2025年03月11日

歴史の教訓 羅針盤に

 小学生の頃から我が家で購読していた読売新聞を読んでいた。
 毎日、読んでいたのは人生案内である。スポーツの紙面も必ず読んでいた。長嶋、王という偉大なスーパースターの影響。さらには、NHKラジオで中継されていた正月の箱根駅伝、読売が主催していた青森〜東京間、東京〜大阪間の駅伝の記事が大好きだった。
 詳しいことはわからないが、新聞は経済部、政治部、社会部と担当が分かれているみたいで、読売の政治部は政府自民党の広報紙みたいで全く信用できないし、読む気もしないが、社会部は語り継ぐ戦争を筆頭にまじめに取り組む記事があってそれなりに評価してきた。

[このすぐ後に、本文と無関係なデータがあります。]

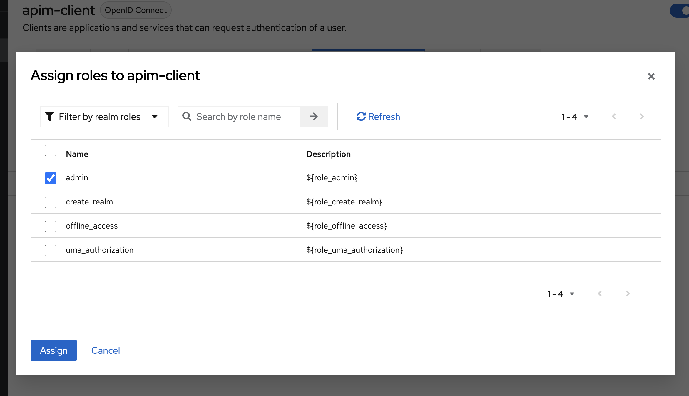 Configuration Description Name The name of the authorization server. Mandatory Display Name A name to display on the UI. Mandatory Description A brief description of the Key Manager. Optional Key Manager Type The type of the Key Manager to be selected. Mandatory Well-known-url The well-known URL of the authorization server (Key Manager). If the well-known URL is provided, other endpoints can be imported. Optional Issuer The issuer that consumes or validates the access tokens e.g., https://localhost:8443/realms/master http://localhost:8080/realm Mandatory Key Manager Endpoints Client Registration Endpoint The endpoint to verify the identity and obtain profile information of the end-user based on the authentication performed by an authorization server. e.g., https://localhost:8443/realms/master/clients-registrations/openid-connect Mandatory Introspection Endpoint The endpoint that allows authorized protected resources to query the authorization server to determine the set of metadata for a given token that was presented to them by an OAuth client. e.g., http://localhost:8080/realms/master/protocol/openid-connect/token/introspect https://localhost:8443/realms/master/protocol/openid-connect/token/introspect Mandatory Token Endpoint The endpoint that issues the access tokens. e.g., http://localhost:8080/realms/master/protocol/openid-connect/token https://localhost:8443/realms/master/protocol/openid-connect/token Mandatory Revoke Endpoint The endpoint that revokes the access tokens. Optional Userinfo Endpoint The endpoint that allows clients to verify the identity of the end-user based on the authentication performed by an authorization server, as well as to obtain basic profile information about the end-user. Optional Authorize Endpoint The endpoint used to obtain an authorization grant from the resource owner via user-agent redirection. Optional Scope Management Endpoint The endpoint used to manage the scopes. Optional Connector Configurations Client ID The client ID obtained in Keycloak for the confidential type client e.g., apim-client. Mandatory Client Secret The client secret obtained in generated from Keycloak for the confidential type client. Mandatory Claim URIs Provide the claim URIs for the consumer key and the scopes. Consumer Key Claim URI The claim URI for the consumer key. Optional Scopes Claim URI The claim URI for scopes. Optional Grant Types The supported grant types. Optional Certificates PEM Either copy and paste the certificate in PEM format or upload the PEM file. Optional JWKS The JSON Web Key Set (JWKS) endpoint is a read-only endpoint. This URL returns Keycloak's public key set in JSON web key set format. This contains the signing key(s) the Relying Party (RP) uses to validate signatures from Keycloak. Optional Permissions Key Manager Permission Permission type for role-based Key Manager restriction. e.g., PUBLIC,ALLOW,DENYOptional Roles Roles to Whitelist or Blacklist Optional Advanced Configurations Token Generation Token Generation Enables token generation via the authorization server. Optional Out Of Band Provisioning This enables the provisioning of Auth clients that have been created without the use of the Developer Portal, such as previously created Auth clients. Optional Oauth App Creation This enables the creation of Auth clients. Optional Token Validation Method The method used to validate the JWT signature. Self Validate JWT The kid value is used to validate the JWT token signature. If the kid value is not present, gateway_certificate_aliasis used.Optional Use introspect The JWKS endpoint is used to validate the JWT token signature. If this option is used to validate the tokens it is mandatory to add a Token Handling Option. For the Okta it should be JWT and it is required to specify a claim mapping as a unique identifier. e.g.,; Claim Key : iss Claim Value : https://localhost:8443/realms/master Optional Token Handling Options Provides a way to validate the token for this particular authorization server. This is mandatory if the Token Validation Method is introspect REFERENCE The tokens matching a specific regular expression (regEx) is validated. Optional JWT The tokens matching a specific JWT is validated. Optional CUSTOM The token matching a custom pattern is validated. Optional Claim Mappings Local and remote claim mapping. Optional

 近年の優れた連載として、「時代の証言者」があり、登場する証言者によっては読んだり、読まなかったりという情けない読者であるが、語り継ぐ戦争をテーマに発信している立場から、大いに参考になる記事であることは間違いない。

 「国民の年表を書く」というタイトルで連載されたノンフィクション作家 保坂正康さんの 36最終回が3月7日にあった。
 「歴史の教訓 羅針盤に」という見出しで、実に勉強になることを教えて頂いた。
 感謝の気持ちを込めて書いておきたい。

 「『平和憲法』という言葉を使わない。戦争放棄の条文をお守りにすれば、平和になれるわけではない。それは「皇軍史」をうのみにした精神構造と変わらない。
 ウクライナを侵略したロシアのプーチンが、現代の核抑止論の限界を実証した。唯一の被爆国として主導的に動くべきではないか。
 甚大な犠牲と引き換えに手にした『民主主義』も揺らいでいる。米国トランプ政権の2期目、日本の選挙制度の混乱を見ても、大きな転換点に来ている。
 昭和100年の歴史は、為政者まかせにすることの危うさも教えている。
 押し寄せる困難を克服できるかは、一人ひとりの主体的で未来を見据えた努力にかかっている。もし迷ったら歴史の教訓を辿り、羅針盤としてほしい。きっと頼りになる。」

 以上が最終回のメッセージで一番心を動かされた部分である。


 語り継ぐ戦争をメインに犯罪被害者支援を訴えてきた立場から、歴史探偵と称された半藤一利さんと共に昭和史をわかりやすく解説してくれた保坂正康さん。
 TVで昭和史の解説をしてくれたことで、身近に存在になり、「時代の証言者」を読んでさらに親しみを持った。
 半藤一利『昭和史1926〜1945』(平凡社文庫)を買い求めて読んでいるので、昭和史を少しは勉強してきたが、その半藤一利さんが退場されてしまった今、保坂さんが自分にとって昭和史の一番の師匠となっている。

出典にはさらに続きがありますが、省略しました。